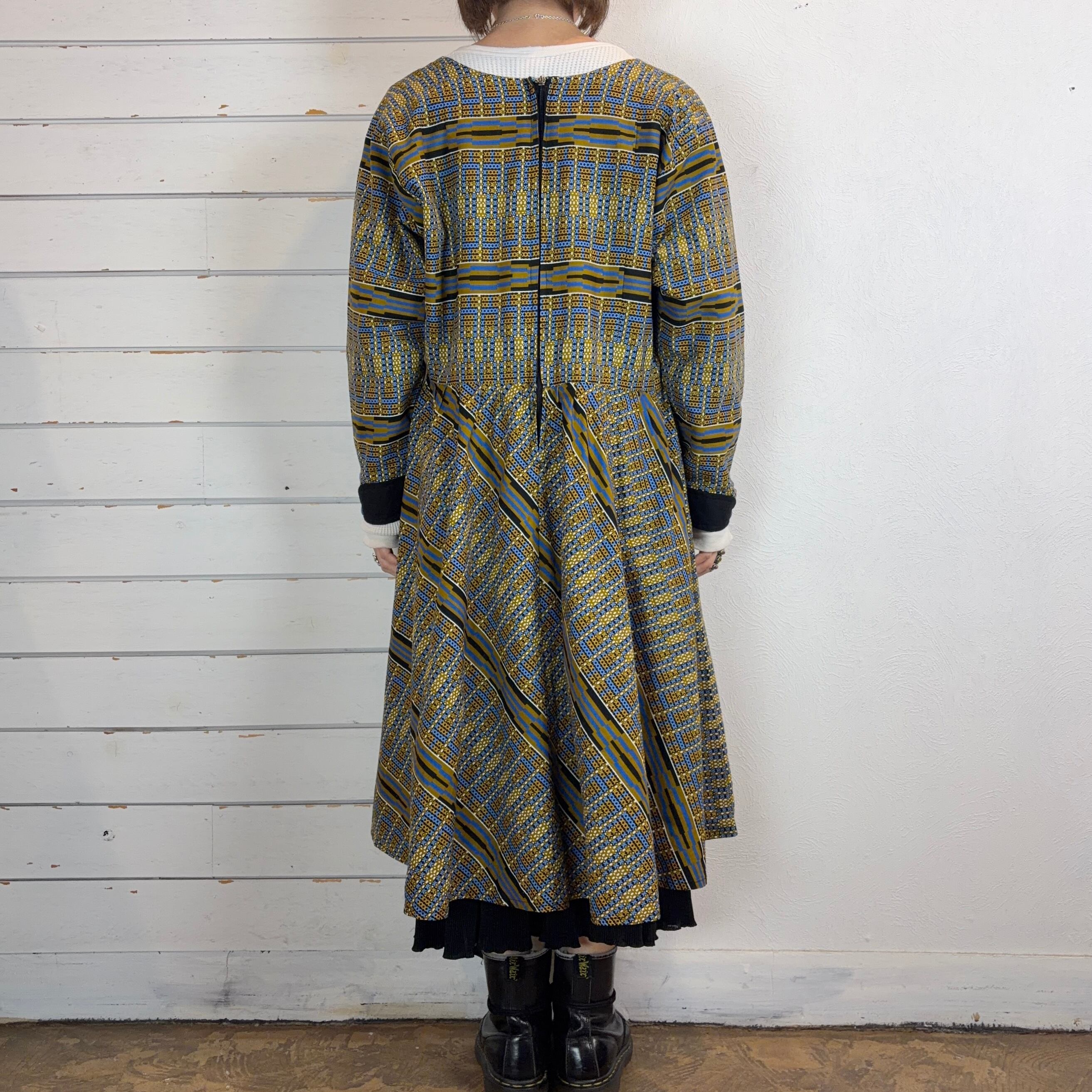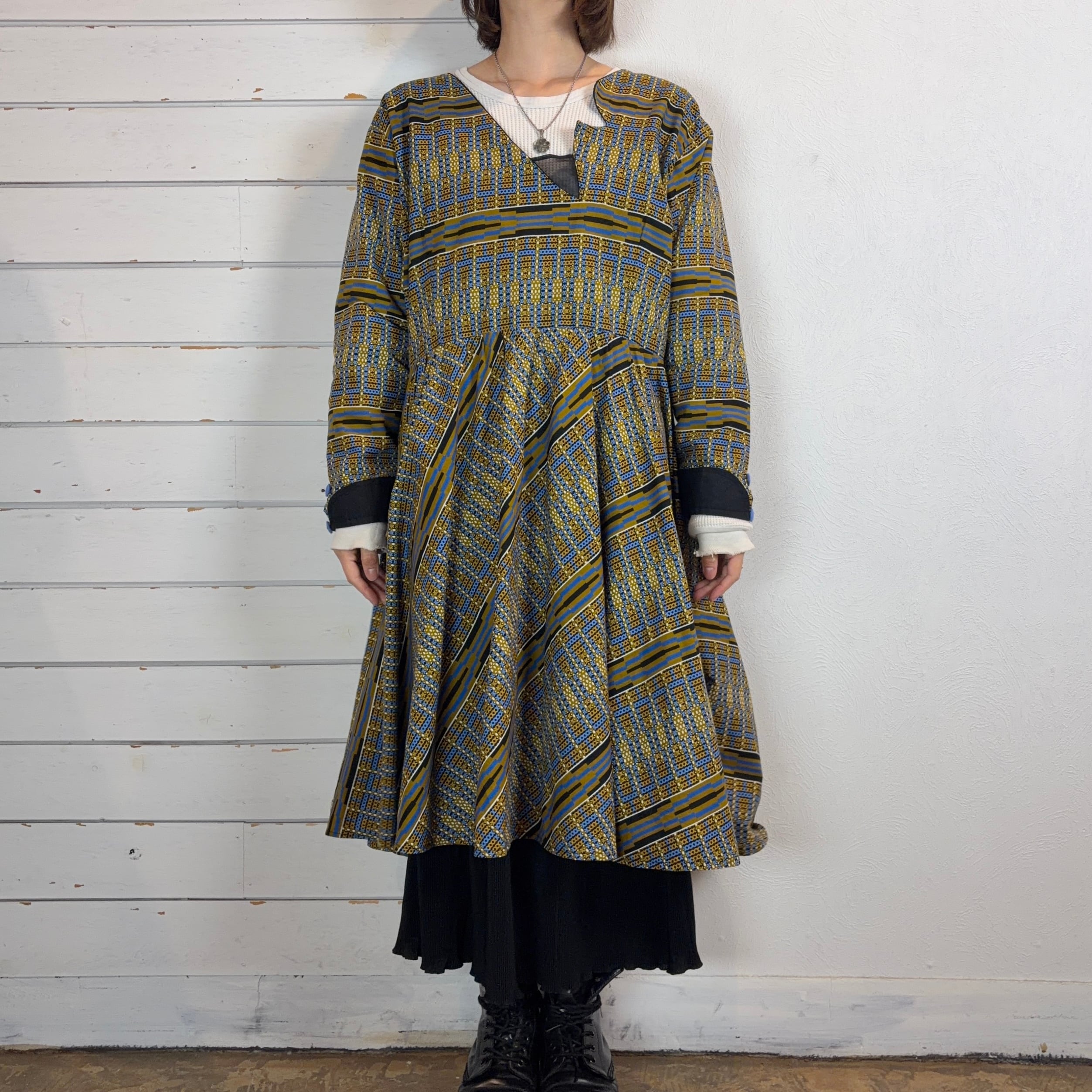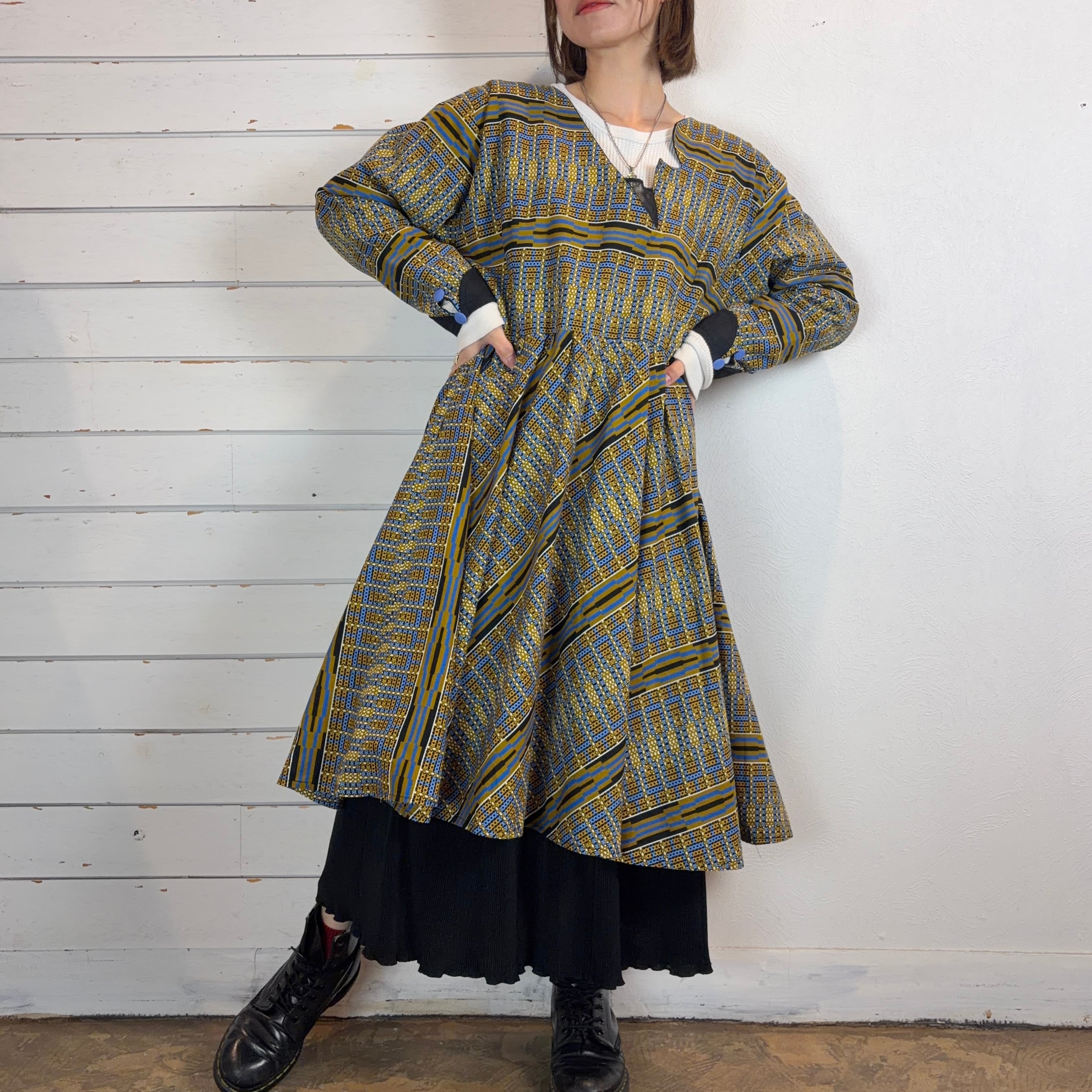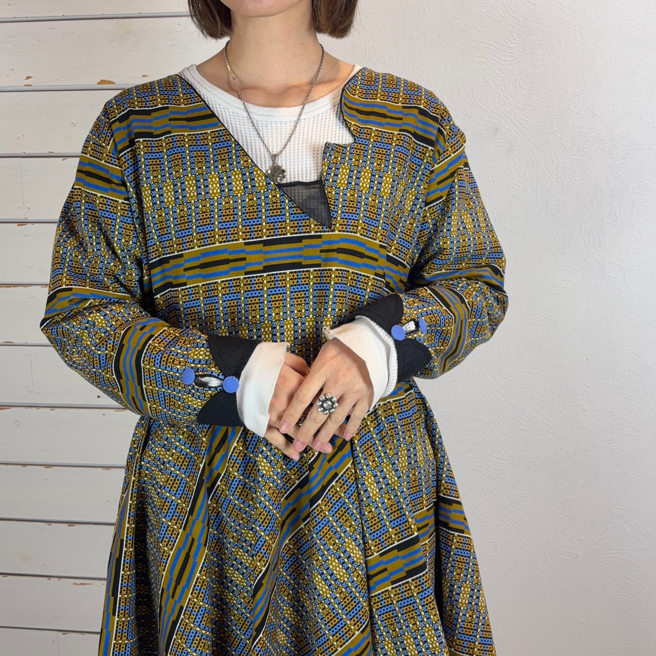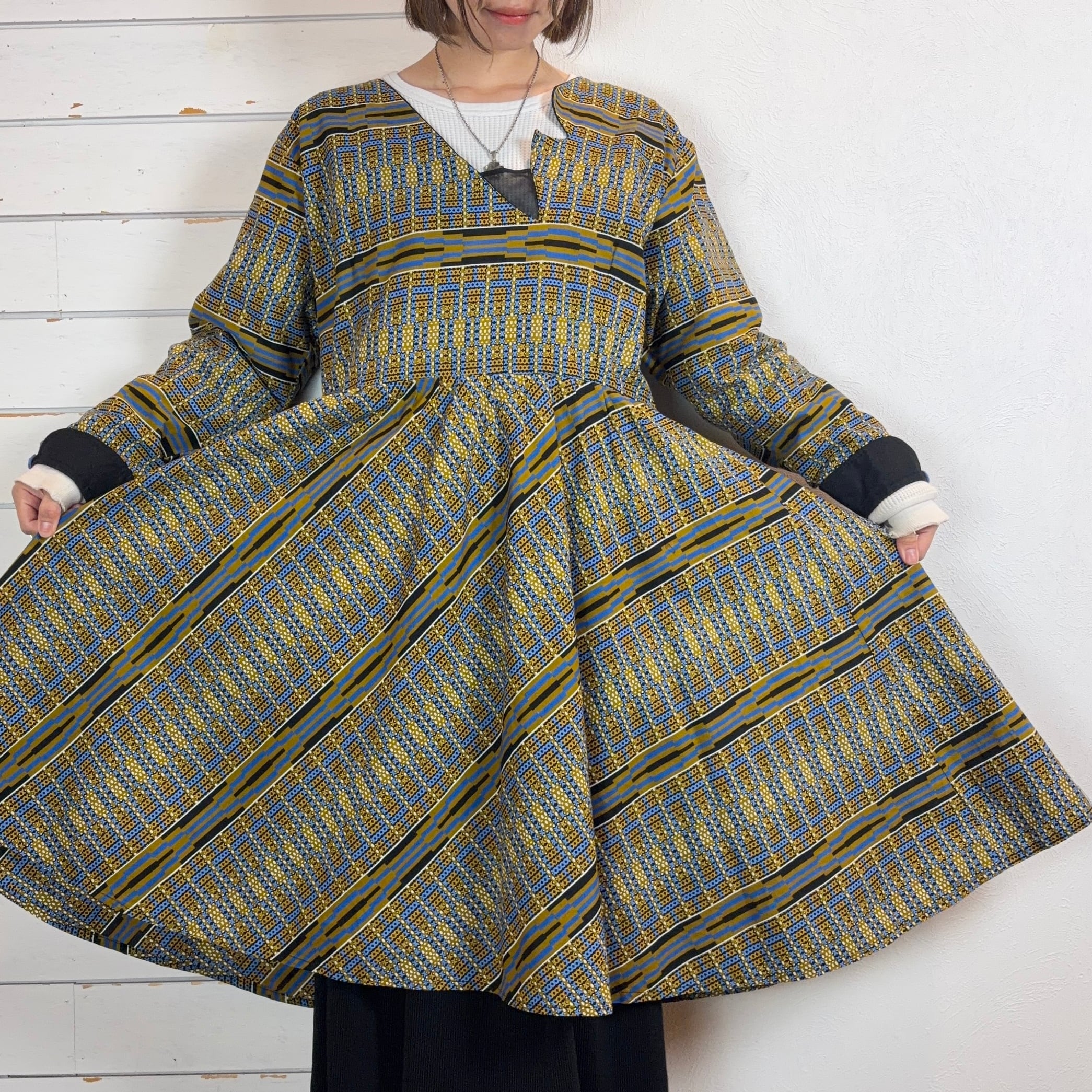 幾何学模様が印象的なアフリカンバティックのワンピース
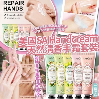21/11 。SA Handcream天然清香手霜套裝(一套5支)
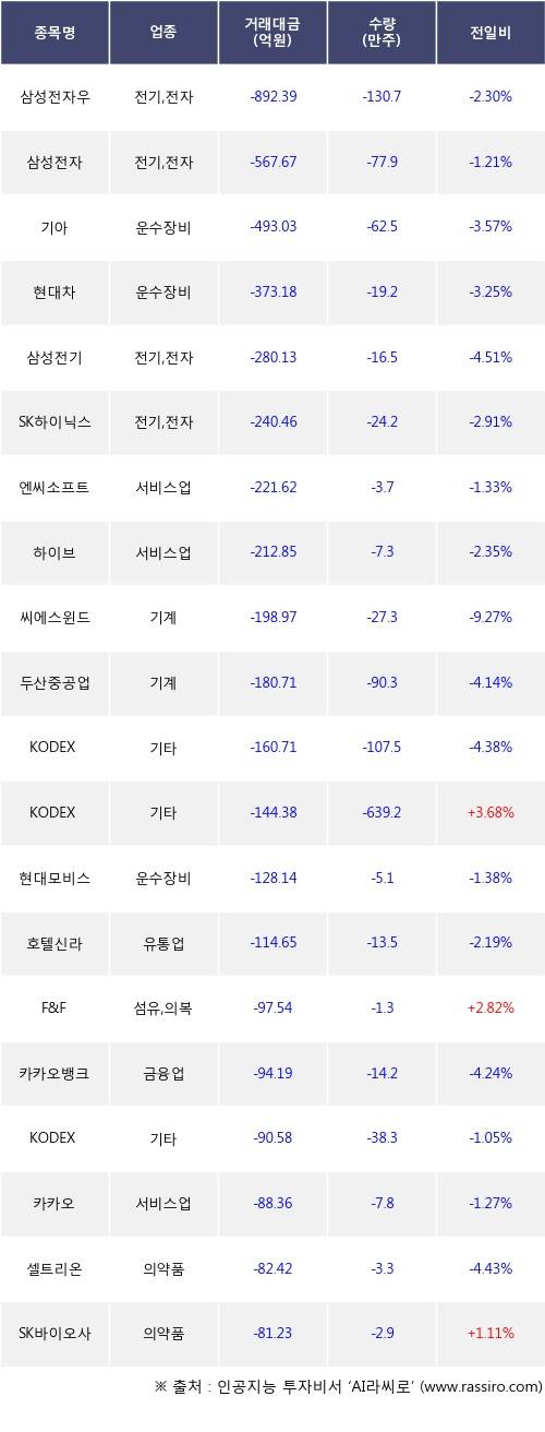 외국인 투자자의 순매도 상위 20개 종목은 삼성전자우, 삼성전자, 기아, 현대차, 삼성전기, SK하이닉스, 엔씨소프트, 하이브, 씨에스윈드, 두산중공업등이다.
---*---
Work task: Go back to the line that contains "21/11 。SA Handcream天然清香手霜套裝(一套5支)" and copy it, along with each line after it through the end of the listing above, exactly and without pictures.

Answer space:
21/11 。SA Handcream天然清香手霜套裝(一套5支)
 외국인 투자자의 순매도 상위 20개 종목은 삼성전자우, 삼성전자, 기아, 현대차, 삼성전기, SK하이닉스, 엔씨소프트, 하이브, 씨에스윈드, 두산중공업등이다.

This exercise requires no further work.